Tatest du das aus freiem Willen und absichtlich? Ihre Stimme blieb salbungsvoll und ausdruckslos. Wenn das Geständnis sie in irgendeiner Weise berührte, ließ sie es sich nicht anmerken.
Selbstverständlich nicht, platzte es aus Shamut heraus, ehe er sich entsann, dass diese Frage Bestandteil des Ritus und nicht etwa als Anklage gemeint war. Er riss sich zusammen und antwortete mit der korrekten Floskel: Nichts läge mir ferner.

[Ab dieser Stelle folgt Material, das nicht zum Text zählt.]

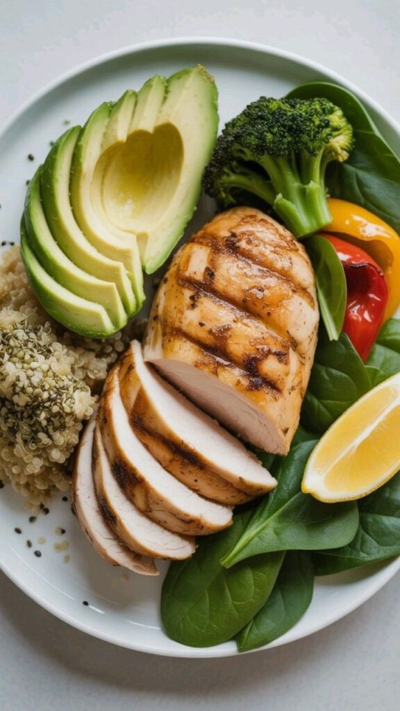 Delicious keto bowls with grilled chicken, shrimp, avocado, and fresh vegetables. Perfect for low-carb diets, intermittent fasting, and weight loss meal prep. Pin these easy keto recipes for your weekly plan!

Die Priesterin hob die Hände. Ihre Feingreifer kamen hervor und malten das Segenszeichen, den Umriss von Lakteels Maske, auf seine Stirn, um das Sonarauge herum. Die Berührung kitzelte.
Lakteel in seiner Weisheit kennt dein Bedauern, sagte sie dabei. Er versteht, dass du ein Opfer der Umstände warst, und vergibt dir. Geh', freigesprochen von deiner Verfehlung!
Shamut verbeugte sich so tief, dass er den Saum des Gewandes der Priesterin ergreifen und an seine Stirn pressen konnte, dann wandte er sich ab und eilte aus der Kapelle.